When I got that first piano lessons, with just a few hours notice, I still did not own a piano ... I went there, full of anticipation, and my teacher showed me how to sit and how to use my fingers, and I got the Hanon exercise No. 1 as first assignment. I had no idea it was Hanon, in fact I learned last year (!) the name of what I played back in 1976. But then I got a piano and we bought the beginner's books for me, and I flew through them like nothing because I was such an eager student and I already knew the basics, yes!
Now, this is not a story of me sky-rocketing to the stars, sorry. My first enthusiasm faded away and I became the average student who never wanted to practice and so on.

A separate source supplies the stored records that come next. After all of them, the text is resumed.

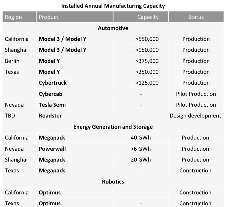 在产能布局上,特斯拉的策略是“先优化,再扩张”。公司明确表示,在建设新工厂前,将优先充分利用现有产能。目前,上海超级工厂以超过95万辆的年产能位居全球之首。
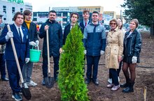 В рамках празднования дня города сегодня в Нижнекамске на улице Менделеева в сквере им. Менделеева Д.И. были высажены туи, можжевельники и кустарники «Кизильник».
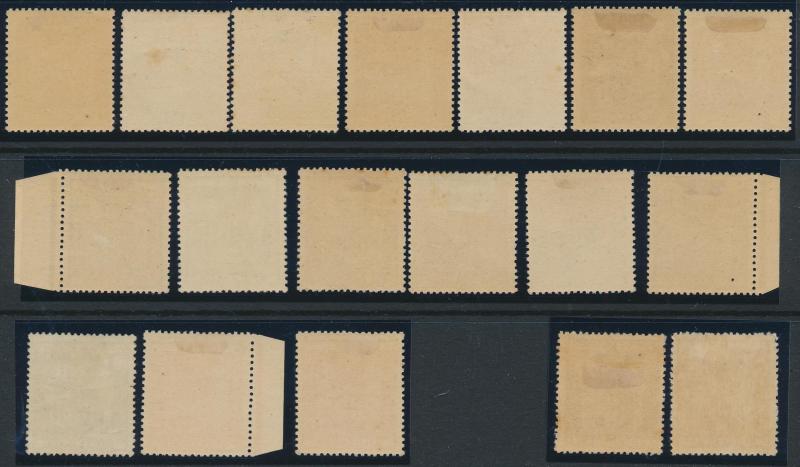lemon x3, 1/3d orange-yellow x2, 4/- red, 5/- green x2 (one marginal; the other apparently **), 7/- blue, 7/6d grey x2, 8/- slate x2 (one marginal), 9/- orange marginal, 10/- carmine-lake & 12/6d plum, plus Wiggins Teape Vertical Mesh Paper 10/- pale
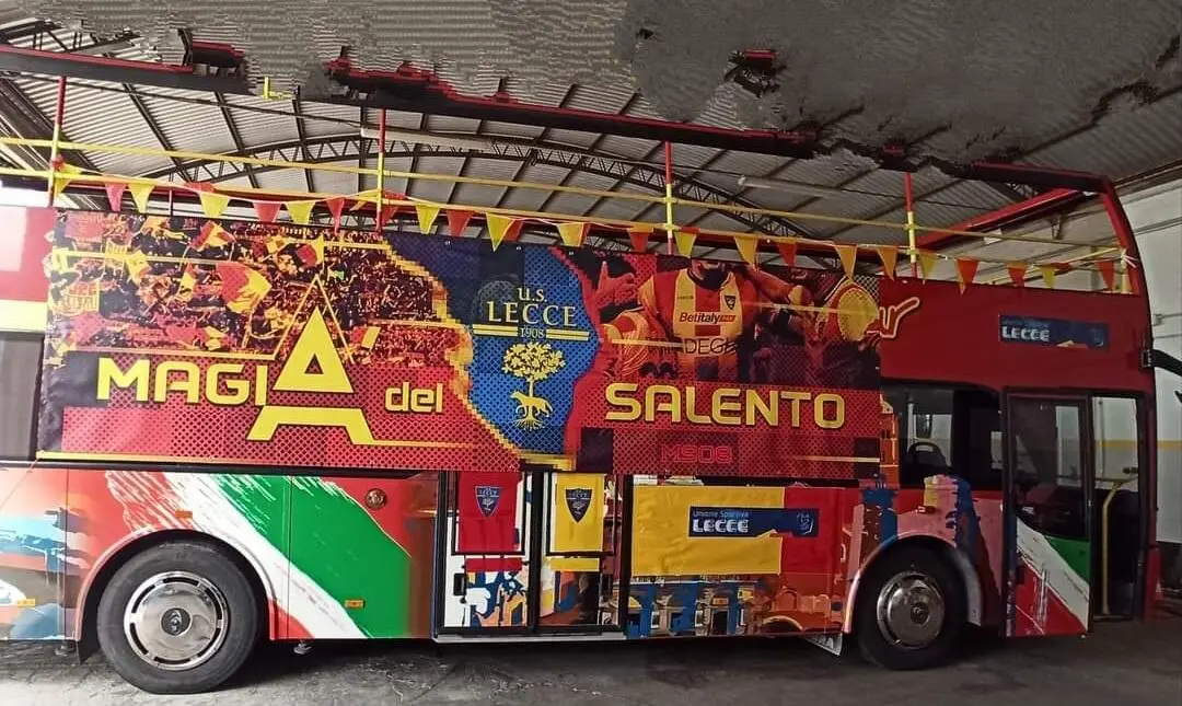 SoloLecce.it vi propone la foto del pullman scoperto con cui la squadra sabato sera avrebbe dovuto festeggiare in città, regalandosi all'abbraccio dei tifosi nel borgo antico, sino a Piazza Sant'Oronzo.
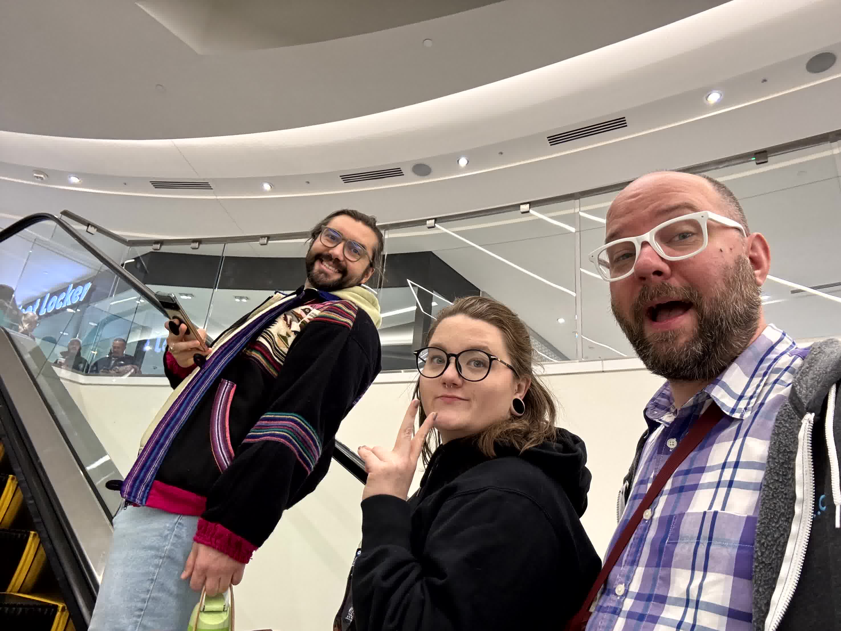 We took an escalator selfie as one does at a mall.
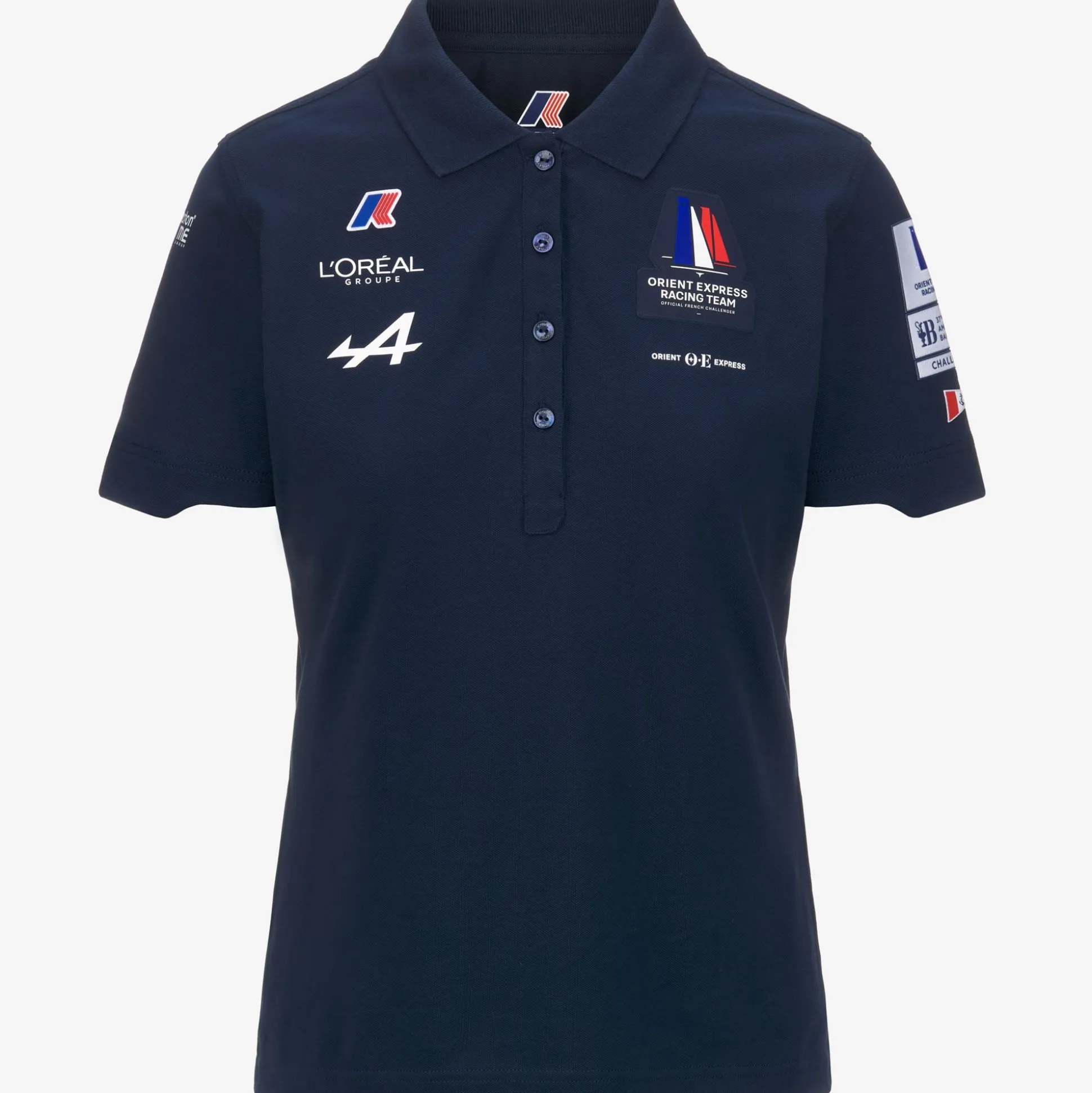 DROSINE ORIENT EXPRESS TEAM AC è la Polo da donna di K-Way che celebra la sponsorizzazione di Orient Express Racing Team in occasione della 37esima America’s Cup, perfetta per ogni avventura dal porto alla città. Realizzata in morbido piquet di cotone tecnico, con FIT SLIM e dettagli sul fondo manica che richiamano le onde del mare. Loghi esterni in applicazione di Orient Express, degli sponsor e di America’s Cup. Logo K-Way in silicone applicato.
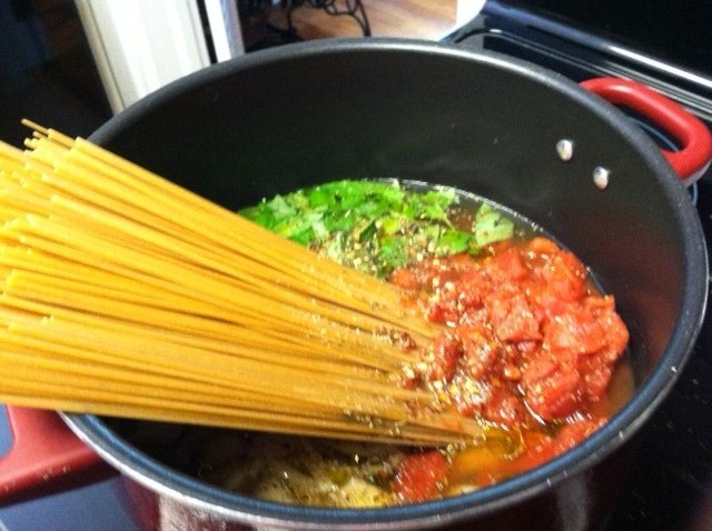 One Pot Wonder? Yes please. As a mom of a 13 month old, I need quick and easy recipes. Just throw it all in a large pot, cover, boil for 10 minutes and voila, you have a delicious pasta dish. The only thing I would do differently is lessen the amount of red pepper flakes, as I like spice, but not too much of it.
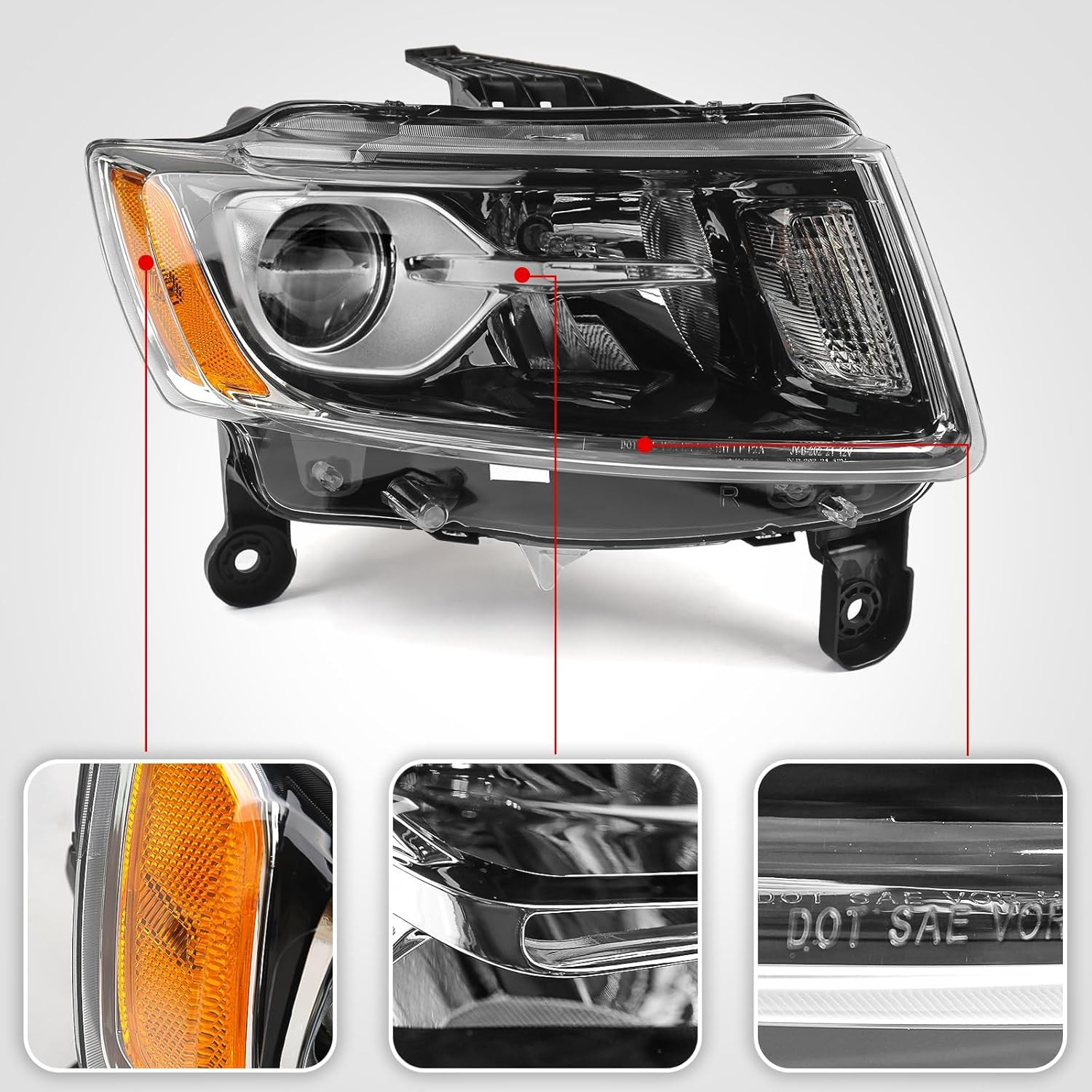 • Halogen Headlight Assembly Compatible with Jeep Grand Cherokee 2014 2015 2016 Re

But decades later, when I was ready to analyze what happened, it occurred to me that: "it did not have to be like this". I clearly saw the anomaly in me, on one hand, being so in love with playing the piano, and on the other hand, being so bored by practicing and learning.
So on my own, I developed a method to keep my motivation up instead of killing it, and it worked. I call it the dog method as I learned it from my dog ... You see, dogs don't learn and they don't work unless they feel motivated. We call it "having fun" but from the comments above here I got reminded that this expression has been misinterpreted during the last years. There is a common belief that kids today are just expecting to be entertained at school, so they don't learn to struggle and therefore they don't learn at all. Well, "having fun" IS NOT EQUAL to "being entertained".
Like many others, I sometimes go to the gym. I wonder how many gym visitors that feel entertained at the gym, or think that the exercises as such are "fun". Yet, most of us enjoy being there. We enjoy to get sweaty, feel some pain, feel exhausted ... huh? Can sit-ups be fun, ever? No, and yes. People who regularly go to the gym often do it because they feel good about it. They love the results they see over time. They even love the feeling of having had a tough workout, despite that is it quite uncomfortable while they do it. And the process with piano practice is about the same. I also sigh and swear at the piano sometimes. I also struggle and want to bang my forehead to the keys when things just don't seem to work. But nothing beats the satisfaction when I feel that I have conquered yet another "impossible" obstacle. Besides the problem solving is, like I have already written, good for my concentration. I get calm and forget about other annoying things in my life for a while. I allow myself to forget the rest of the world.
Fun? Oh yes. But just like my dog I need to be motivated. I need to be aware of WHY I endure some moments of frustration and pain. So "boring" IS NOT EQUAL to "painful" either.
In that aspect, yes, kids today also need to have fun when they learn, or else they will not learn at all. My dogs never learn unless they see the point (which at first can be a treat, but later on it gets more advanced). And they get tired very quickly, they need to take many breaks. They need to make progress. That is, you have to construct goals that are easy to achieve, in other words, lots of micro goals. But if I respect this mechanism, they are the most excellent, enthusiastic students in the world.
It is sad that we have this belief about fun=easy entertainment today. I know why this idea of having fun came from - it was a reaction to the idea that all you need is a lot of self-discipline, and that you win nothing unless you torture yourself. No, you don't. Self-discipline is an illusion. You cannot work against your own instincts in long terms. If your instincts tell you that this is pointless, you will escape from it in one way or the other.
But you need to learn that the best rewards may not be instant, that hard work can be very satisfying. Having said that, I still emphasize that you need to have fun, or else you will get tired of the whole thing and give up. And I don't think being lazy is fun at all.